=== Recorded data ===

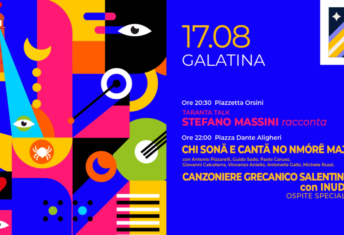 A Galatina il Festival La Notte della Taranta 2023 arriverà il 17 agosto 2023 per una delle sue più importanti tappe. Ad esibirsi saranno i Chi sonä e cantä no nmòrë majï e Canzoniere Grecanico Salentino che ospita Inude.
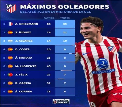 根據(jù)統(tǒng)計, 阿爾瓦雷斯已經(jīng)代表馬競在歐冠中打進(jìn)了10粒進(jìn)球,位列隊史歐冠進(jìn)球榜第三名。
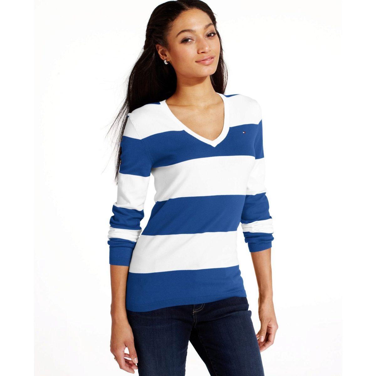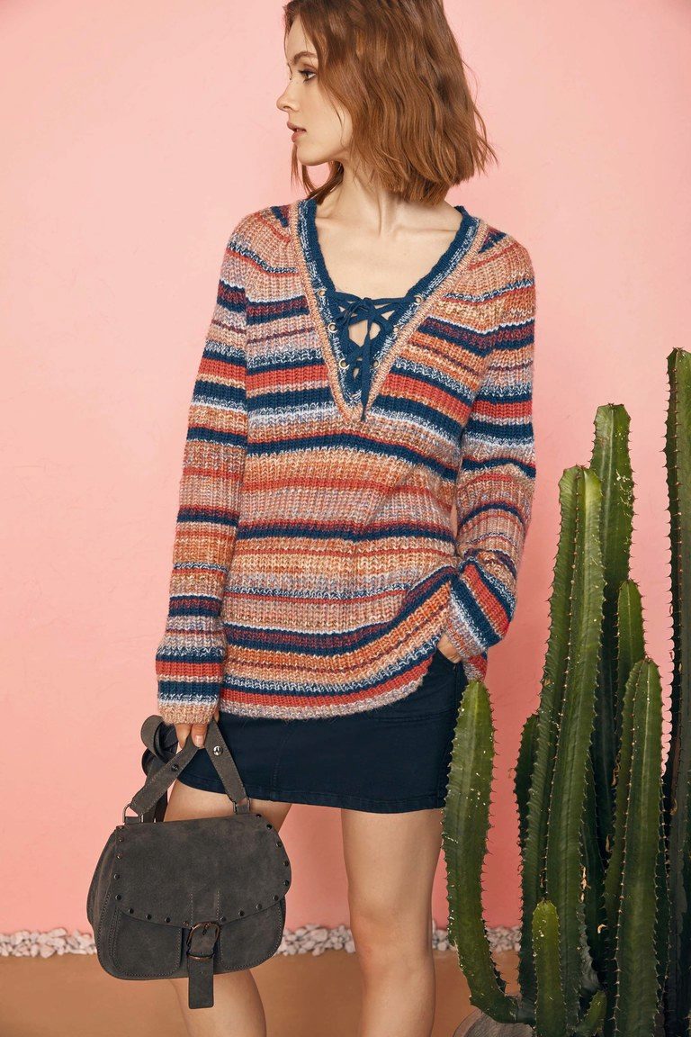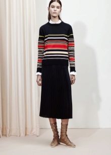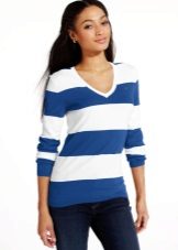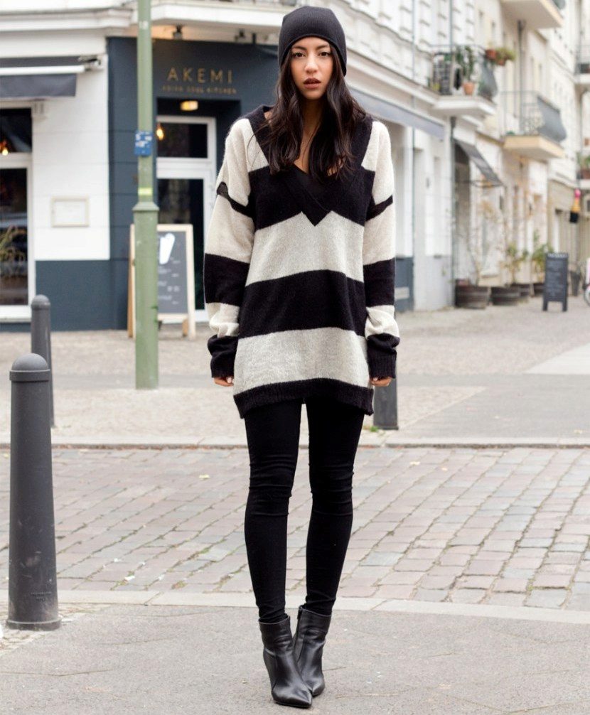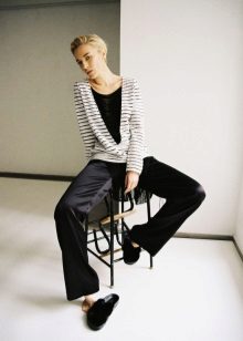 A striped pullover will never go out of fashion, as this pattern always remains relevant. The main thing is to remember how horizontal and vertical lines can visually distort the proportions of a figure.
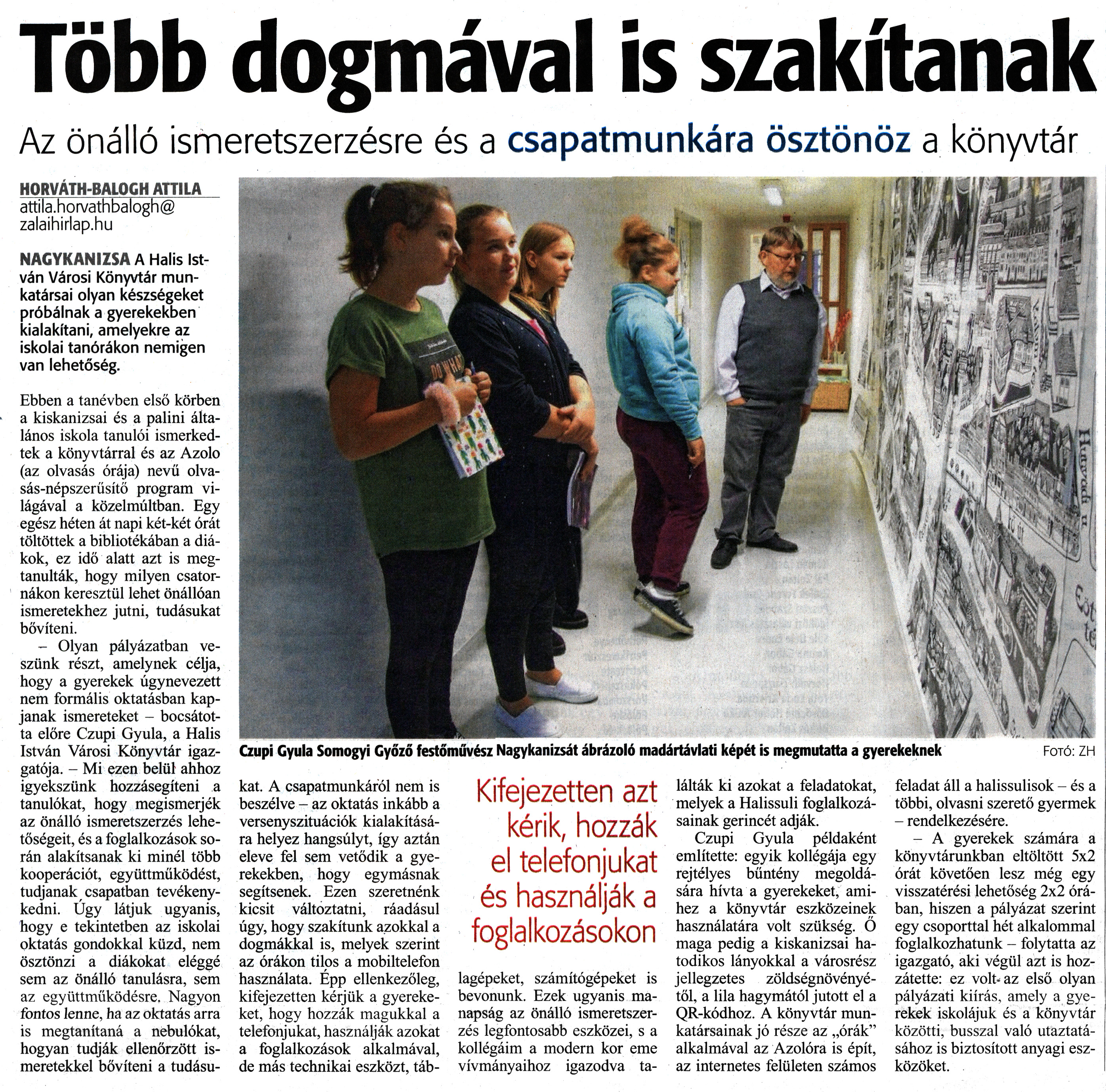 Nyilvános 1368 | 2334 | Zalai Hírlap 2019. október 31. 253. szám 6. oldal - Több dogmával is szakítanak | Több dogmával is szakítanak Az önálló ismeretszerzésre és a csapatmunkára ösztönöz a könyvtár HORVÁTH-BALOGH ATTILA attila.horvathbalogh® zalaihirlap.hu NAGYKANIZSA A Halis István Városi Könyvtár munkatársai olyan készségeket próbálnak a gyerekekben kialakítani, amelyekre az iskolai tanórákon nemigen van lehetőség. Ebben a tanévben első körben a kiskanizsai és a palini általános iskola tanulói ismerkedtek a könyvtárral és az Azolo (az olvasás órája) nevű olva-sás-népszerüsítő program világával a közelmúltban. Egy egész héten át napi két-két órát töltöttek a bibliotékában a diákok, ez idő alatt azt is megtanulták, hogy milyen csatornákon keresztül lehet önállóan ismeretekhez jutni, tudásukat bővíteni. - Olyan pályázatban veszünk részt, amelynek célja, hogy a gyerekek úgynevezett nem formális oktatásban kapjanak ismereteket - bocsátotta előre Czupi Gyula, a Halis István Városi Könyvtár igazgatója. - Mi ezen belül ahhoz igyekszünk hozzásegíteni a tanulókat, hogy megismerjék az önálló ismeretszerzés lehetőségeit, és a foglalkozások során alakítsanak ki minél több kooperációt, együttműködést, tudjanak csapatban tevékenykedni. Úgy látjuk ugyanis, hogy e tekintetben az iskolai oktatás gondokkal küzd, nem ösztönzi a diákokat eléggé sem az önálló tanulásra, sem az együttműködésre. Nagyon fontos lenne, ha az oktatás arra is megtanítaná a nebulókat, hogyan tudják ellenőrzött ismeretekkel bővíteni a tudásu- kat. A csapatmunkáról nem is beszélve - az oktatás inkább a versenyszituációk kialakítására helyez hangsúlyt, így aztán eleve fel sem vetődik a gyerekekben, hogy egymásnak segítsenek. Ezen szeretnénk kicsit változtatni, ráadásul úgy, hogy szakítunk azokkal a dogmákkal is, melyek szerint az órákon tilos a mobiltelefon használata. Épp ellenkezőleg, kifejezetten kérjük a gyerekeket, hogy hozzák magukkal a telefonjukat, használják azokat a foglalkozások alkalmával, de más technikai eszközt, táblagépeket, számítógépeket is bevonunk. Ezek ugyanis manapság az önálló ismeretszerzés legfontosabb eszközei, s a kollégáim a modern kor eme vívmányaihoz igazodva találták ki azokat a feladatokat, melyek a Halissuli foglalkozásainak gerincét adják. Czupi Gyula példaként említette: egyik kollégája egy rejtélyes bűntény megoldására hívta a gyerekeket, amihez a könyvtár eszközeinek használatára volt szükség. Ő maga pedig a kiskanizsai hatodikos lányokkal a városrész jellegzetes zöldségnövényétől, a lila hagymától jutott el a QR-kódhoz. A könyvtár munkatársainak jó része az „órák" alkalmával az Azolóra is épít, az internetes felületen számos feladat áll a halissulisok - és a többi, olvasni szerető gyermek - rendelkezésére. - A gyerekek számára a könyvtárunkban eltöltött 5x2 órát követően lesz még egy visszatérési lehetőség 2x2 órában, hiszen a pályázat szerint egy csoporttal hét alkalommal foglalkozhatunk - folytatta az igazgató, aki végül azt is hozzátette: ez volt az első olyan pályázati kiírás, amely a gyerekek iskolájuk és a könyvtár közötti, busszal való utaztatásához is biztosított anyagi eszközöket. Czupi Gyula Somogyi Győző festőművész Nagykanizsát ábrázoló madártávlati képét is megmutatta a gyerekeknek Fotó: ZH Kifejezetten azt kérik, hozzák el telefonjukat és használják a foglalkozásokon |

=== Exercise objective ===
The response should hold only an exact retyping of the lines from the beginning of the data through the line containing "根據(jù)統(tǒng)計", both ends kept, pictures omitted.

=== Exercise answer ===
 A Galatina il Festival La Notte della Taranta 2023 arriverà il 17 agosto 2023 per una delle sue più importanti tappe. Ad esibirsi saranno i Chi sonä e cantä no nmòrë majï e Canzoniere Grecanico Salentino che ospita Inude.
 根據(jù)統(tǒng)計, 阿爾瓦雷斯已經(jīng)代表馬競在歐冠中打進(jìn)了10粒進(jìn)球,位列隊史歐冠進(jìn)球榜第三名。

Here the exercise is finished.